* **Exercise aim**
Give back every line of the material exactly. Skip the pictures.

* **Exercise data**

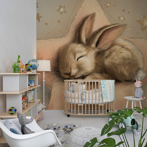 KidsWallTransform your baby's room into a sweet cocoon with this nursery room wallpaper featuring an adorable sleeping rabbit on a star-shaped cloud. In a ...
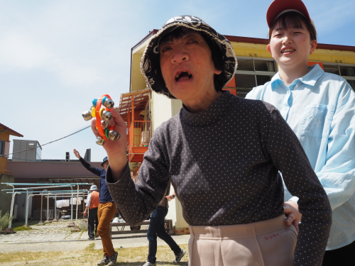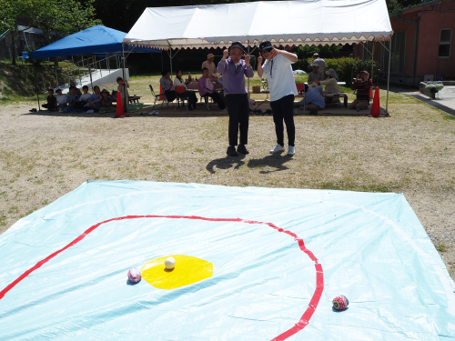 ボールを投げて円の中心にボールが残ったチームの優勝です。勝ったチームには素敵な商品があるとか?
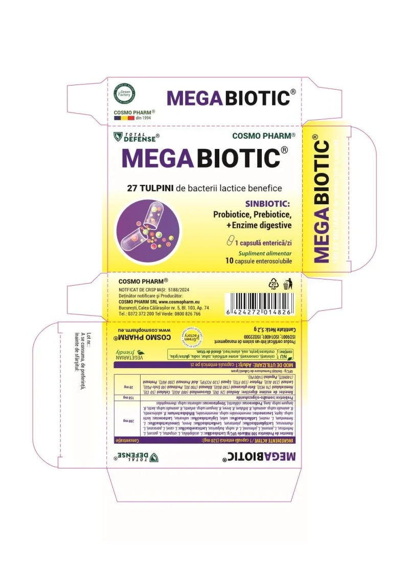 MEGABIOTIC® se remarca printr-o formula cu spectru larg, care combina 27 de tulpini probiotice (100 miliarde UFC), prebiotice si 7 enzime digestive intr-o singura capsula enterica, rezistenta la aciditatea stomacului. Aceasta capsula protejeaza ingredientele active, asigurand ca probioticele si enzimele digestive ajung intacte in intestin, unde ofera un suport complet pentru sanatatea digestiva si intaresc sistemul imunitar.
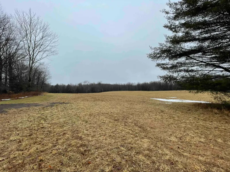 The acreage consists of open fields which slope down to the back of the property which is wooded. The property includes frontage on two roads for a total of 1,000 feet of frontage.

* **Task solution**
 KidsWallTransform your baby's room into a sweet cocoon with this nursery room wallpaper featuring an adorable sleeping rabbit on a star-shaped cloud. In a ...
 ボールを投げて円の中心にボールが残ったチームの優勝です。勝ったチームには素敵な商品があるとか?
 MEGABIOTIC® se remarca printr-o formula cu spectru larg, care combina 27 de tulpini probiotice (100 miliarde UFC), prebiotice si 7 enzime digestive intr-o singura capsula enterica, rezistenta la aciditatea stomacului. Aceasta capsula protejeaza ingredientele active, asigurand ca probioticele si enzimele digestive ajung intacte in intestin, unde ofera un suport complet pentru sanatatea digestiva si intaresc sistemul imunitar.
 The acreage consists of open fields which slope down to the back of the property which is wooded. The property includes frontage on two roads for a total of 1,000 feet of frontage.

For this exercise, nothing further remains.